Such protocol uses XML, with embedded schema definitions…yadi-yada.
Pretty much the full boatload of XML.

Our implementation runs on the full blown .Net Framework on a PC /Server, etc.
.net MicroFramework did not have the XML capabilities required to make such work, without wonky roll-your-own code.

Can, will, tinyCLR be able to incorporate a substantial portion of .Net Framework XML libraries…someday.?

Yes, json and better bson would be preferred, yet we have to access services built upon such XML protocol. No way around such.

Here is a link to the OpenADR 2.0b protocol…if of any interest.
https://www.openadr.org/specification

TinyCLR is not a full framework replacement, but it is better than the full framework, at hardware and IoT tasks. We keep adding to it and Keep on pushing the limits, but we always have to be careful not to bloat a system that is meant to run on small devices.

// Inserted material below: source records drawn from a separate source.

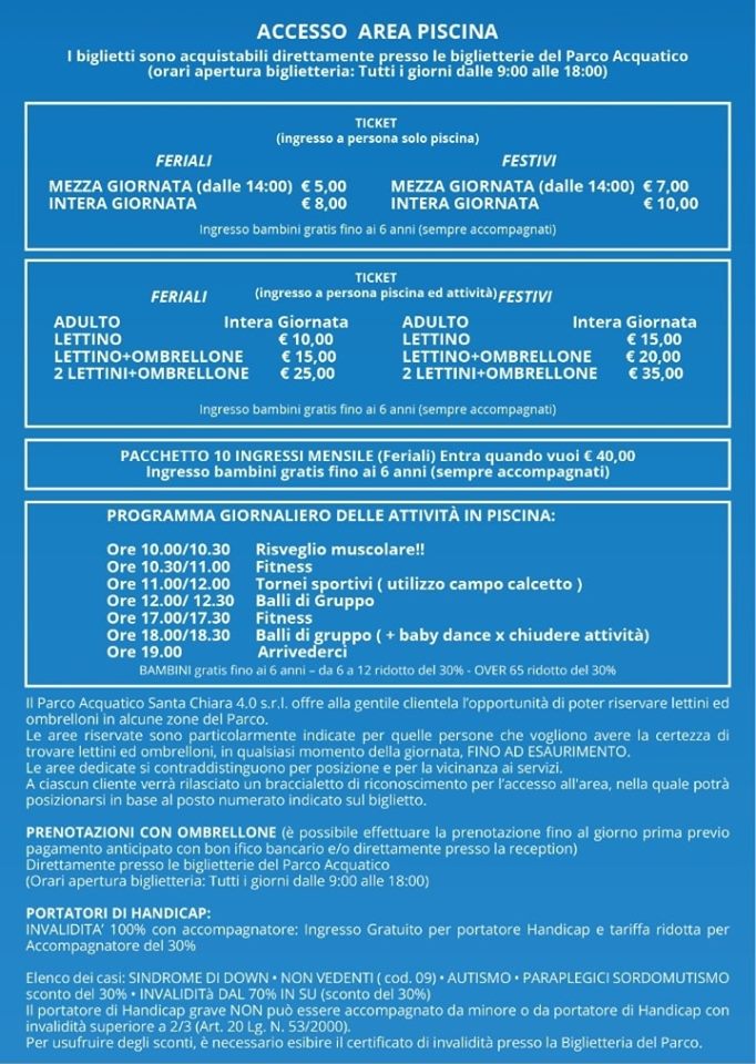 Ricordiamo a tutti che le prenotazioni possono avvenire via e-mail all’indirizzo parcoacquaticosantachiara4.0@gmail.com,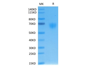 Molecular Mass : | The protein has a predicted MW of 39.9 KDa. Due to glycosylation, the protein migrates to 58- 70KDa based on Bis-Tris PAGE result. |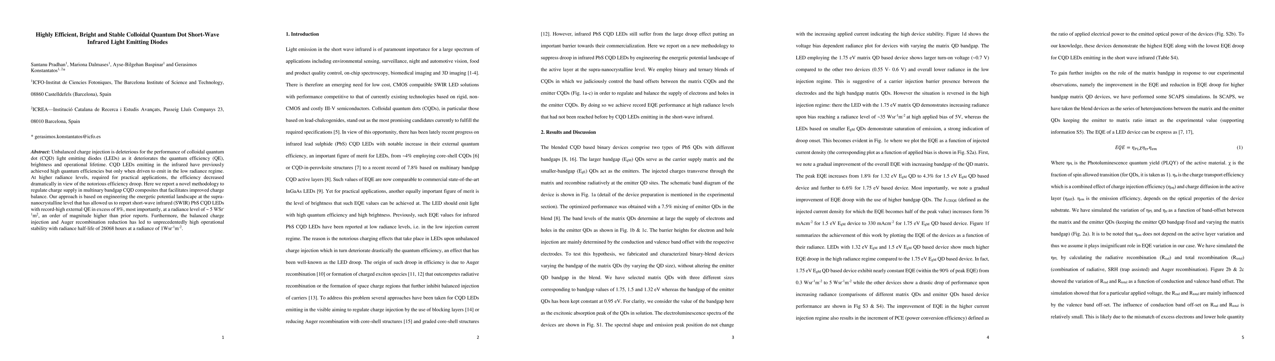 This paper presents a novel method for regulating charge injection in colloidal quantum dot LEDs to achieve highly efficient, bright, and stable short-wave infrared emission, reporting record-high external quantum efficiency of over 8% at significantly higher radiance levels, along with exceptional operational stability.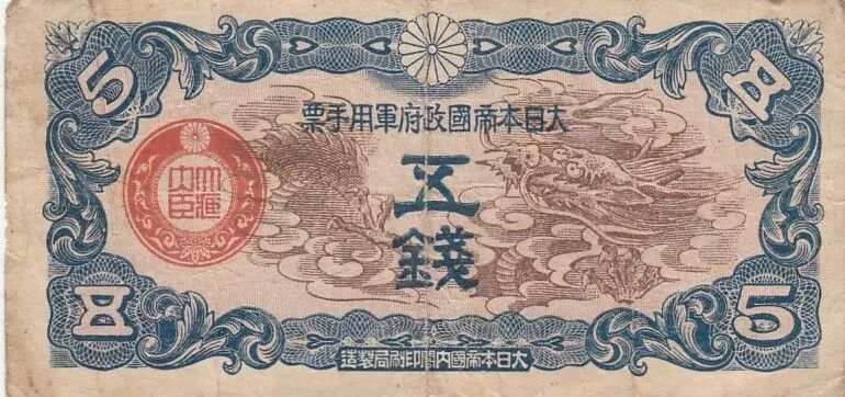 Accueil > Archivage > archivage-Billets du Monde > Chine 5 Sen Chine - Occupation japonaise - Dragon - 1940 - M.9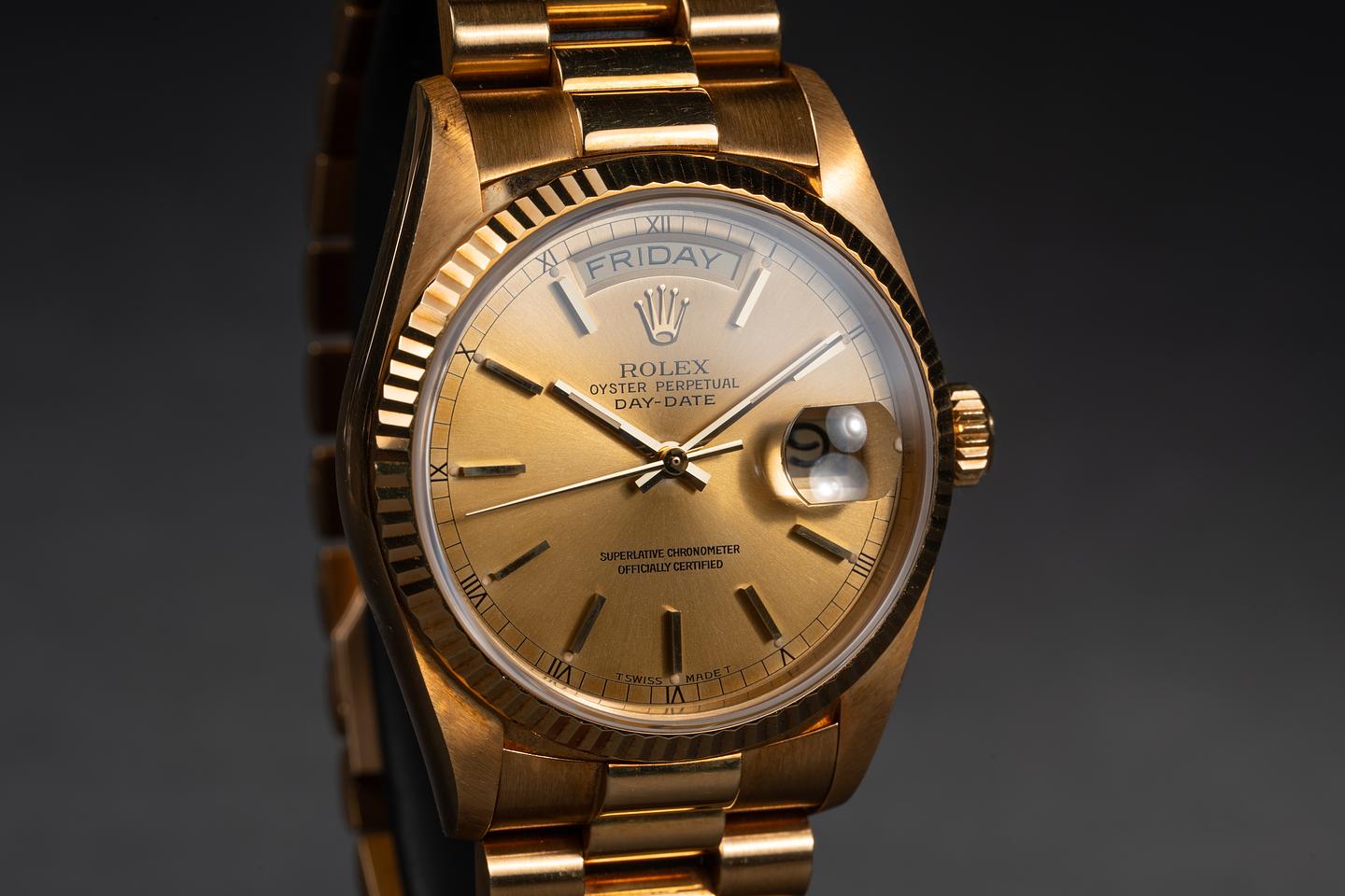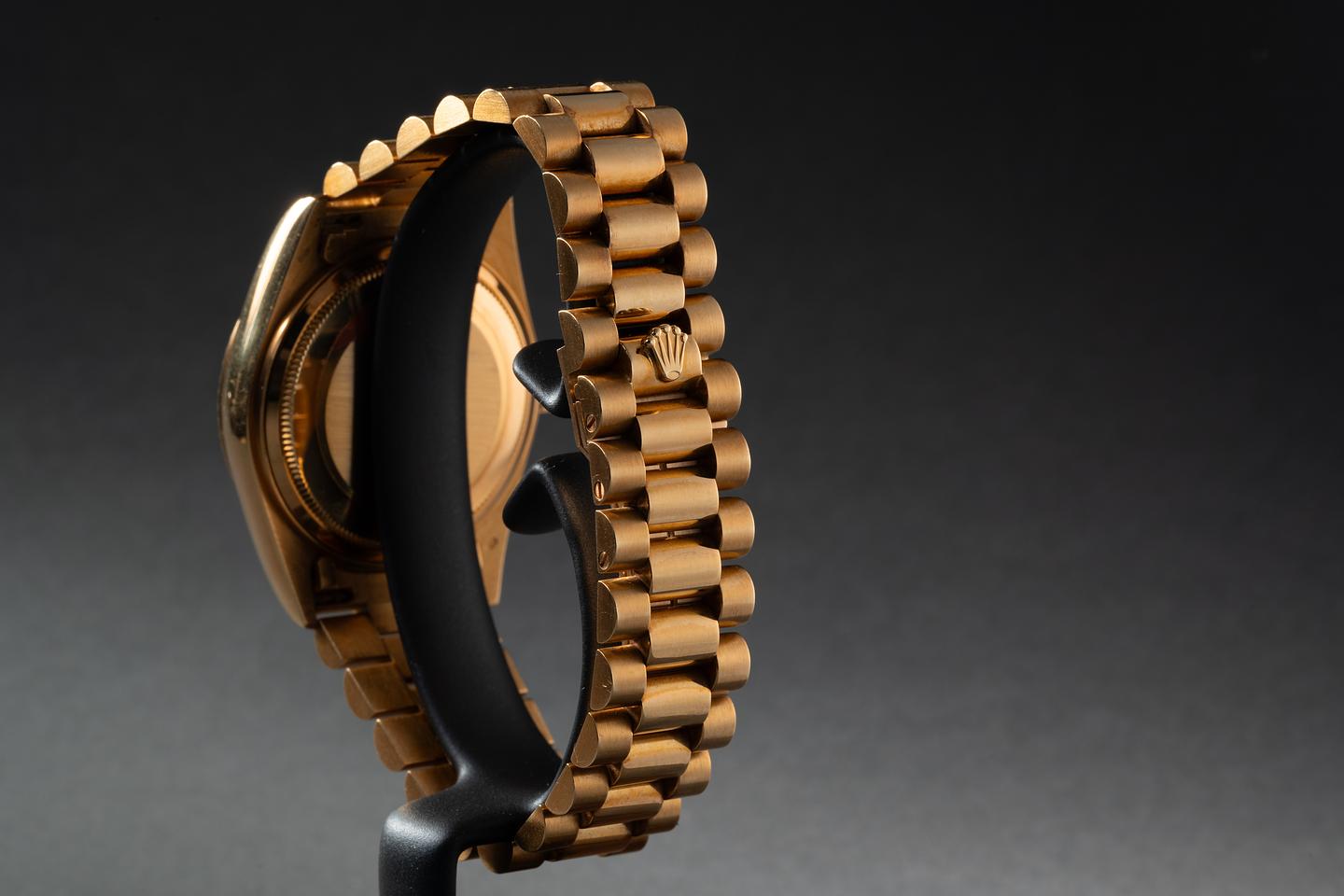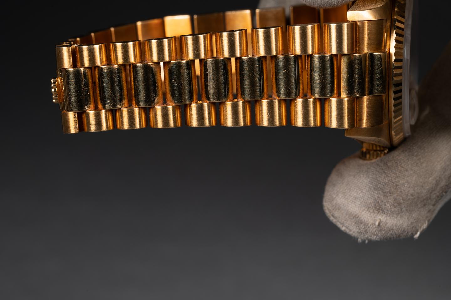 Bracelet: The 23 link patinaed president bracelet is excellent showing only very light stretch for its age. The clasp is stamped with a matching 1988 date code.

And as an added bonus, all TinyCLR libraries are open source. Martin generously contributed the json library for example. And we welcome any similar, commercially viable, contributions.

10-4

Understand the bloat and all, and agree keep the focus on the tiny.

Yes, for hardware and IoT tasks…not even a question as to the ability of tinyCLR and associated hardware to bend the traditional development curve.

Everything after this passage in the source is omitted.